The deciduous trees stand, bare and apparently lifeless through the winter months. The popular take on this, is that they are sleeping. It is a perspective which depends on paying no attention or thought to what the trees are really doing. Those bare branches are a misleading focus.

 

In the spring, these trees will put forth new leaves. Many also produce catkins; temporary sex-organs essential for pollination and the creation of new trees. Neither pops spontaneously into existence come the spring. While the branches are bare, trees are getting ready for the next round of growth. The ash will have its black buds through much of the winter, ready to get going again. In the UK, catkins are already forming ready for next spring. Those trees are busy!

 

The really interesting thing, is that we do not know what prompts trees to start readying their buds and catkins ready for the next season. It’s not a simple trigger – light levels and temperature are not what’s going on here. The arrival of buds varies a lot, and while a harsh winter will tend to make all things later, trees do not magically know what the weather will do. Sometimes they get it wrong and lose first leaves to late frosts. There is nothing inherent in winter that suggests the coming of spring. You have to know, or remember that this cold, dark bit isn’t permanent. You need to have a grasp on how long it will last. In just the same way you need to know about the necessity of shedding leaves. We might be talking ‘know’ in terms of a responsive chemical system rather than more human ideas of conscious thought. Still, we do not know the mechanics of how trees go about their business.

 

It is also true that when humans appear to be asleep, all kinds of things are going on. We heal, and we consolidate learning. We understand these somewhat better than we do the secret habits of trees, but our own unconscious minds represent an unfamiliar country.
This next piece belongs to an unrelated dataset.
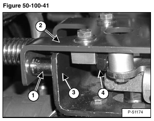 Move the right side steering lever forward and install a 15/16 in. (24 mm) thick spacer (Item 1) between the center plate (Item 2) and the mounting plate (Item 3) [Figure 50-100-41].

There are things – menstruating cycles for example – that we know to do at a biological level but have no conscious insight into the running of.

 

It is all too easy to say ‘oh, it’s nature’ as though that explains something. Actually, it explains nothing. If trees know about the spring, they must have some mechanism for knowing. Something underpins the system that starts making new leaves. Trees might not have a familiar biology for consciousness, but they certainly aren’t oblivious. Just because they appear to be doing nothing in the northern hemisphere at this time of year, doesn’t mean nothing is happening.